It’s Tuesday again! Damn! I hope he doesn’t come today. Oh God, please make him sick today. Please! š
I used to take music lessons when I was in middle school. Every Tuesday morning my tabla-teacher used to come to my house. I had to practice 6-8 songs a week along with tabla, so that my beats were correct. Mehra uncle was very strict and punctual, he hardly took a day off. I absolutely hated it.
On every Wednesday I had music classes where I learnt new songs. That class was in the evening at my home. I was always very ordinary in this regard. Half of the year I used to have cough and cold which was an absolute enemy of singing.

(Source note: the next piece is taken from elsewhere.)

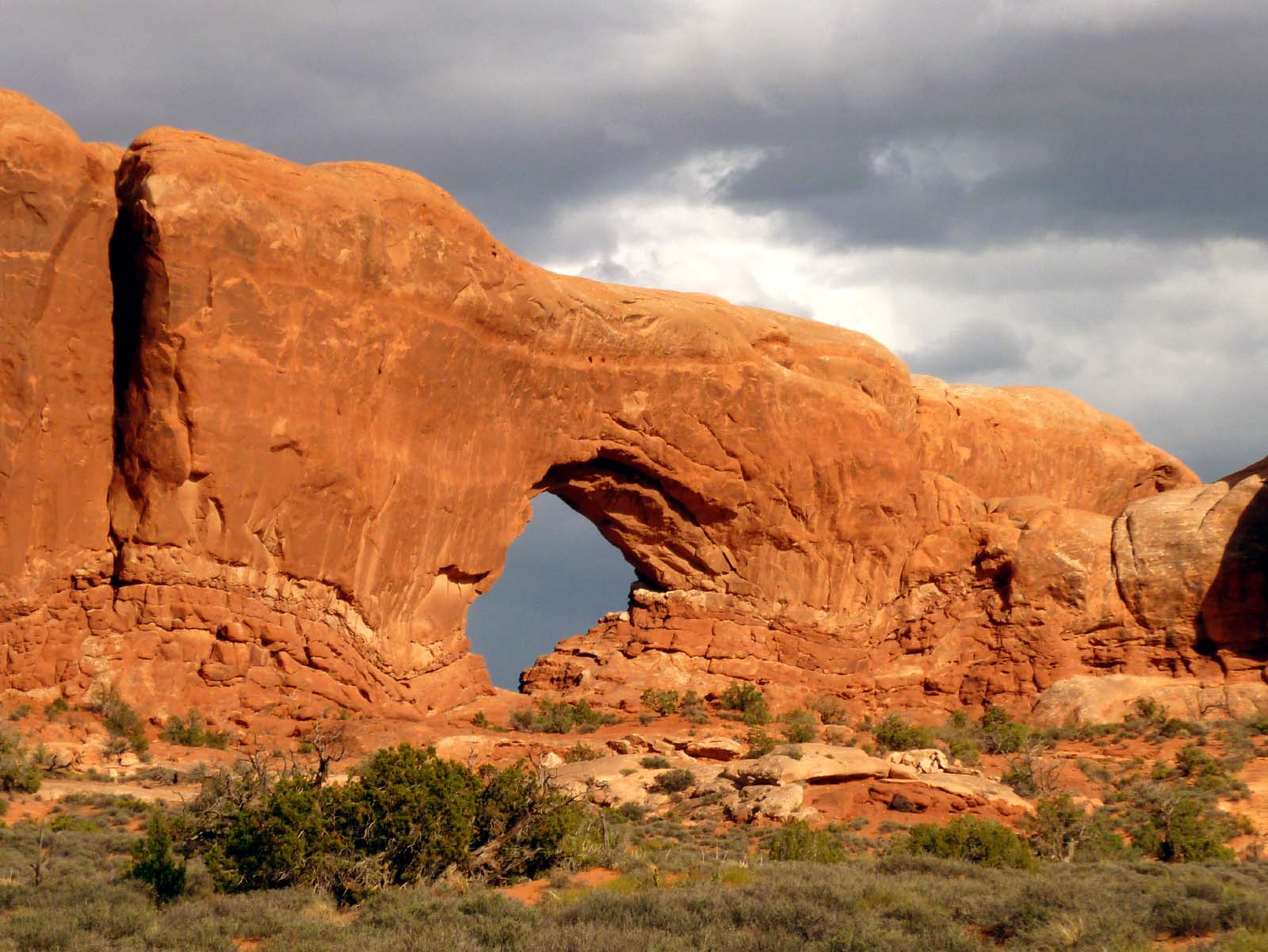 Dark clouds were gathering behind the sunlit rock wall and it rained that night.

Pity on my neighbourhood who had to bear with my shrill and disgusting vocal exercises on regular basis. I used to practice songs daily. I had a diary where all the lyrics and notes were there. I had to practice 5-6 songs everyday. Some songs were very easy, some were difficult. Difficult notes and difficult beat. I wanted to skip the parts where my voice couldn’t reach the higher notes. Despite all my effort and practice, I was never good enough in singing, neither it had my love. I did it because my parents wanted me to do so.
I quit singing in 9th standard, when I was not being able to maintain balance between my studies and singing.
Not only my parents, at my place almost every other parents send their kids to music/art/dance classes at a very young age. There is no question to encourage passion or creativity. Lucky are those kids who end up with finding their passion in the class they were sent to.
As a kid, I liked to draw. That’s not a unique thing in kids. But I always had a drawing book and some drawing supplies to draw in my spare time. I never had a chance to take classes for it. There was one day when I sat with my drawing book and a pencil in my hand but my mind was absolutely blank. I tried so hard but couldn’t think about a single thing that I could draw. My imagination was an absolute empty canvas. The thought that I couldn’t embrace what I actually loved broke my heart. It felt like losing something that was so dear to me. I tried quite a few times after that but art had abandoned me for my negligence.
Parents always want the best for their children. But sometimes their wish to do everything right stifles the natural blooming of a kid’s creativity. Let your kid explore things. Most likely, they will eventually figure out what entice them. Even if they don’t find anything, there will be no guilt of working so hard for something they didn’t like than following their heart’s desire.